The owner of the Aurora movie theater that was the site of a deadly 2012 attack could have reasonably enough foreseen the danger of such an attack to be held liable for it, a federal judge ruled Friday. Noting "the grim history of mass shootings and mass killings that have occurred in more recent times," U.S. District Court Judge R. Brooke Jackson ruled that Cinemark — owner of the Century Aurora 16 theater — could have predicted that movie patrons might be targeted for an attack. Jackson's ruling allows 20 lawsuits filed by survivors of the attack or relatives of those killed to proceed toward trial. "Although theaters had theretofore been spared a mass shooting incident, the patrons of a movie theater are, perhaps even more than students in a school or shoppers in a mall, 'sitting ducks,' " Jackson wrote.

The judge seems to be saying that because we do not live in a perfect world, free of all violence, all businesses open to the public should be constantly on guard against psychopathic killers.
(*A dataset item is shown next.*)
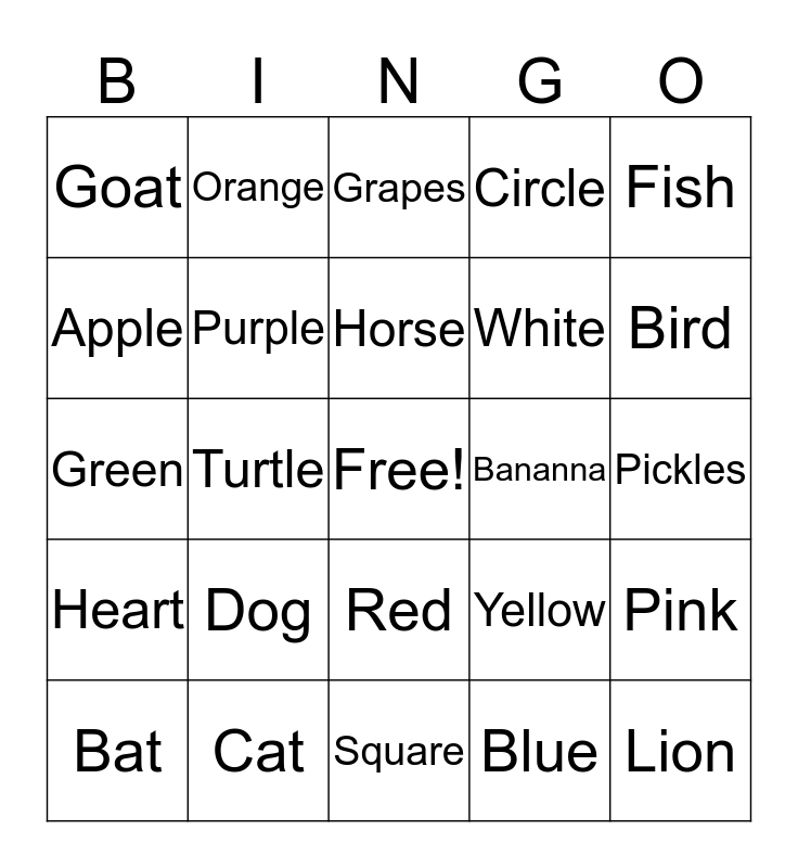 This bingo card has a free space and 24 words: Dog, Cat, Horse, Bat, Fish, Goat, Apple, Orange, Bananna, Red, White, Green, Yellow, Pink, Purple, Blue, Pickles, Grapes, Bird, Turtle, Lion, Heart, Circle and Square.

Even though, as Scott Greenfield points out at his blog Simple Justice, "Perhaps the defining feature of crazy people is that they're unpredictable." But predict them businesses must, said Judge Jackson. Which means, as Greenfield notes, this ruling could have far-reaching consequences:

The biggest growth job in America will be armed guard. Every theater will require its own SWAT team, perhaps a MRAP or Bearcat. Office buildings, parks, skating rinks, pretty much anywhere more than three people gather, could be the next target of a madman. They will all need security, armed with the weapons needed to take out any crazy. Don't blame the businesses. They're just trying to cover their foreseeable obligations. Sure, there is almost no chance, almost no possibility whatsoever, that they will be the target of the next insane shooter, but Judge Jackson says it's still foreseeable. In fact, that no one has ever shot up a skating rink makes it even more foreseeable, by his rationale.

free-range-kids

That's a rationale that's not rational. While the ruling does not decide any of the lawsuits, it does establish that they can proceed. In doing so, it endorses what I call "worst-first thinking"—dreaming up the worst case scenario first ("What if someone comes in and shoots up our book club?") and proceeding as if it's likely to happen.

Worst-first thinking promotes constant panic. The word for that isn't prudence. It's paranoia.